ASIC calls on insurers to learn from ‘Black Summer’ bushfires

Regulators say that the insurance sector needs to learn from recent bushfire seasons if it is to be prepared for future ones. 

A review of claims handled in the aftermath of the Black Summer bushfires by the Australian Securities and Investments Commission (ASIC) has highlighted gaps in how the insurance sector handles major disaster events. 

ASIC deputy chair Karen Chester said that the review provided valuable insights on how well insurers performed on key consumer outcomes during the Black Summer bushfires. 

“While we identified areas for improvement, overall outcomes across the 8,801 claims revealed improved claims handling practices by insurers,” she said.


With new insurance claims handling reforms set to commence from January 2022, the regulator said that it would be sharing its findings with insurers ahead of the impending fire season.

Ms Chester urged insurers to manage claims efficiently, honestly and fairly, and reminded consumers that the real value of an insurance policy is tested when they need to claim.

“It is important that claims are resolved quickly, that the process is consumer-centric, that repairs and rebuilds are timely, and that consumers are supported as well as possible after a disaster,” she said.

Of the 8,801 claims reviewed by the regulator, 99 per cent were approved. Eighty-eight per cent of claimants accepted the insurer’s decision within four months of lodging their claim. 

Ultimately 93 per cent of claims were closed, 5 per cent were withdrawn and 2 per cent remained open as of September 2021. 

In anticipation of the coming disaster season, the regulator encouraged insurers to undertake simulation exercises to stress-test their responses to simultaneous disasters and other mass claim events. 

In their review, ASIC found that some insurers fell short when it came to the quality, accuracy and reliability of the claims information they recorded.

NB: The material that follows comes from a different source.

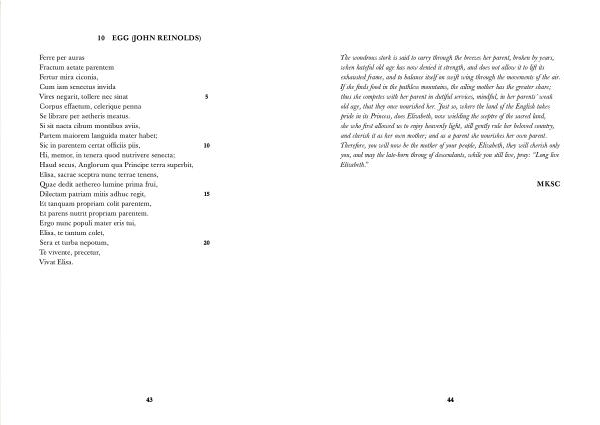 The wondrous stork is said to carry through the breezes her parent , broken by years , when hateful old age has now denied it strength , and does not allow it to lift its exhausted frame , and to balance itself on swift wing through the movements of the air . If she finds food in the pathless mountains , the ailing mother has the greater share ; thus she competes with her parent in dutiful services , mindful , in her parents ’ weak old age , that they once nourished her . Just so , where the land of the English takes pride in its Princess , does Elizabeth , now wielding the sceptre of the sacred land , she who first allowed us to enjoy heavenly light , still gently rule her beloved country , and cherish it as her own mother ; and as a parent she nourishes her own parent . Therefore , you will now be the mother of your people , Elizabeth , they will cherish only you , and may the late-born throng of descendants , while you still live , pray : “ Long live Elizabeth .”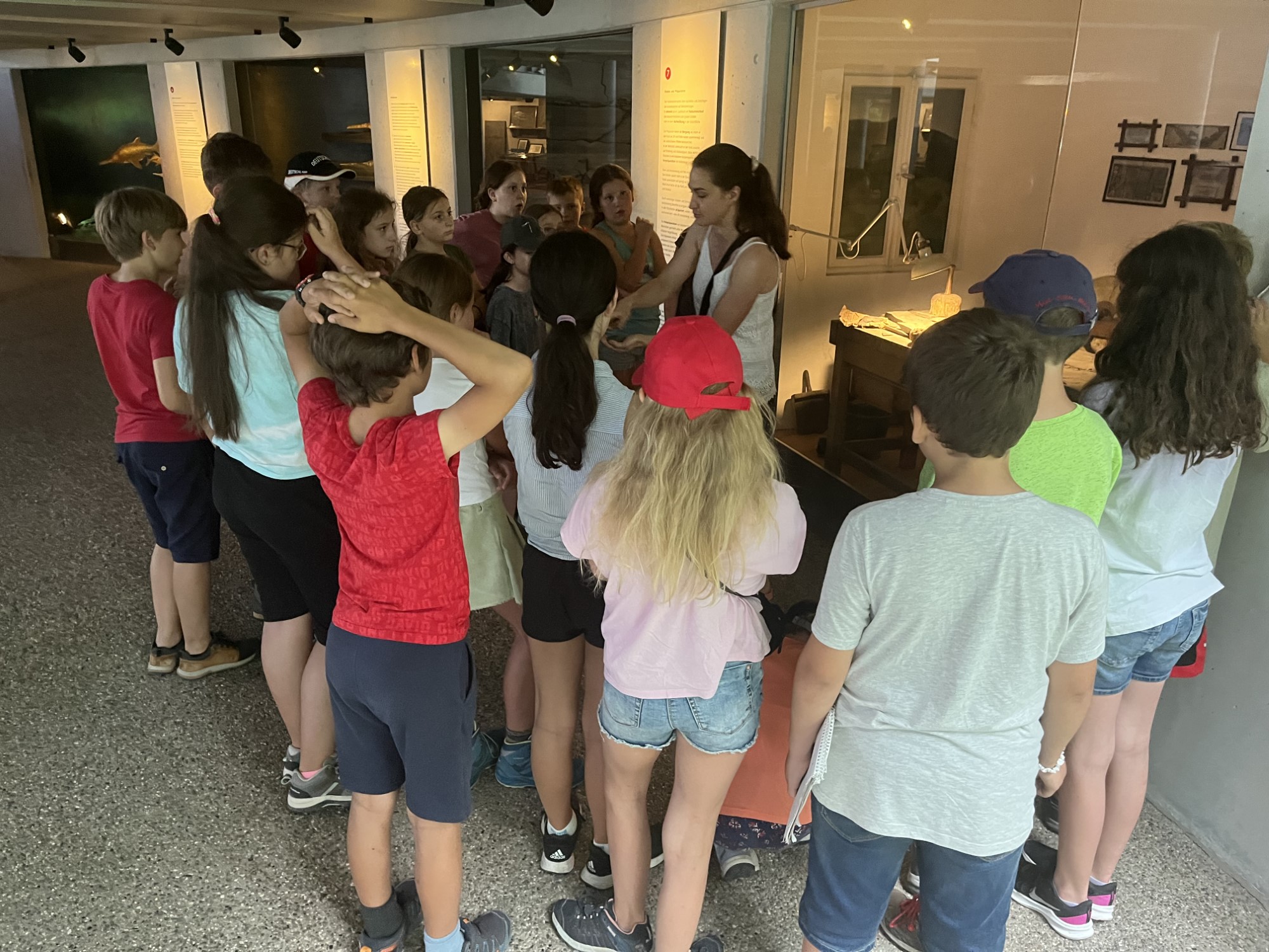 Der zweite Tag war erfüllt mit einem Besuch und einer Führung durch das urzeitliche Museum in Blaubeuern. In einem anschließenden Workshop durften die Kinder einen Lederbeutel mit Faustkeilen und Lederstücken herstellen. Nach einem kurzen Spaziergang durch Blaubeuren konnten die Kinder dann die Faszination des Blautopfs und die Sage der Schönen Lau, vor Ort kennenlernen. Bei einer anschließenden kleinen Wanderung zu den Bad Uracher Wasserfällen, konnten die Kinder staunend die Karsterscheinungen der Schwäbischen Alb betrachten.

Ms Chester called on insurers to invest in better systems, processes and internal controls. 

“Measuring consumer outcomes – and doing so well – is today’s must‑have for the insurance industry,” she said.

Other shortcomings highlighted by the regulator included a tendency to include debris removal as part of the sum insured rather than as an additional benefit. 

ASIC noted that this arrangement may contribute to situations where consumers are underinsured.

“Products must not only be fit for purpose to meet consumers’ needs, but insurers also need to record accurate data to know how they are performing when handling claims,” Ms Chester reminded the sector.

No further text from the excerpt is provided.